In The Mockery Bird, I sat amongst the Ombu & Amela trees, and took in the exotic scents of the tropical island, immersed in the world of Kingy, Peter Foxglove, the tribes, the side sweeps at religion, the absurdity of greed, and the twisted aims and means of the media. The book sparkled with laugh out loud moments. Like the one and only newspaper of the Island run by Damiens, that contains so many typesetting errors, it is a beauty it functions at all.
“Poor old Damiens is like that. he threw the nursing fraternity into a rare state of confusion some time ago with his article on Florence Nightingale entitled ‘The Lady with the Lump’.”
The Mockery Bird, became extinct due to the culinary prowess of the invading French colonies some years prior. The Mockery Bird is the God to one of the tribes on the island, and obviously they were not happy with the extinction of the bird. It turns out that the Ombu trees survived only because the Mockery Birds ate the fruit of the Ombu tree and not being able to digest the seed, germinated them elsewhere.
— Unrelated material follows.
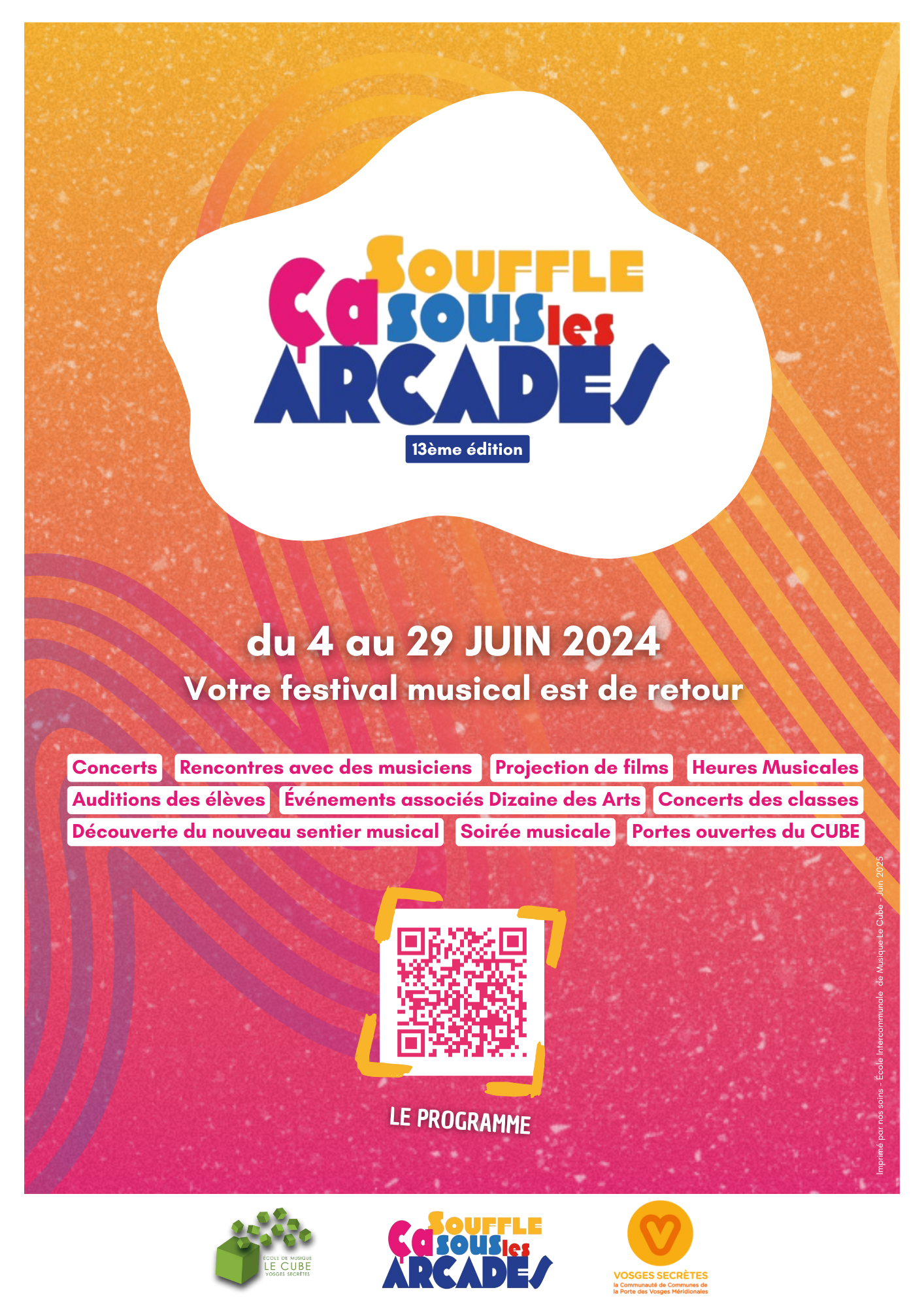 L’École intercommunale de musique Le Cube, portée par la Communauté de Communes de la Porte des Vosges Méridionales (CCPVM), lance un mois de juin placé sous le signe de la musique, de la découverte et de la convivialité. De nombreux événements sont proposés à travers le territoire, à commencer par la 13e édition du festival “Ça souffle sous les arcades”, qui animera les Vosges Secrètes du 4 au 29 juin.

Now with the Mockery Birds gone, there was only one surviving Ombu tree on the island. Plans to have an ugly airstrip through the dense forests in the island are thwarted when Peter and Damien’s daughter accidentally see that 30 Mockery birds are still alive deep in the forest amongst a long lost patch of Ombu trees. This throws the island into a state of chaos, and the ruler, Kingy, is stretched to find a solution that satisfies the international community, the locals and the environment.
Does anyone remember Lorax? Written by Dr Seuss, in which he shows us what greed and ignorance can do, and made into a lovely movie? Now imagine a similar theme, written with endearing characters, a brilliant sense of humor and an exceptional setting? That is Mockery Bird.
It is a pity this book was not made into a movie. If you can read the book, please do.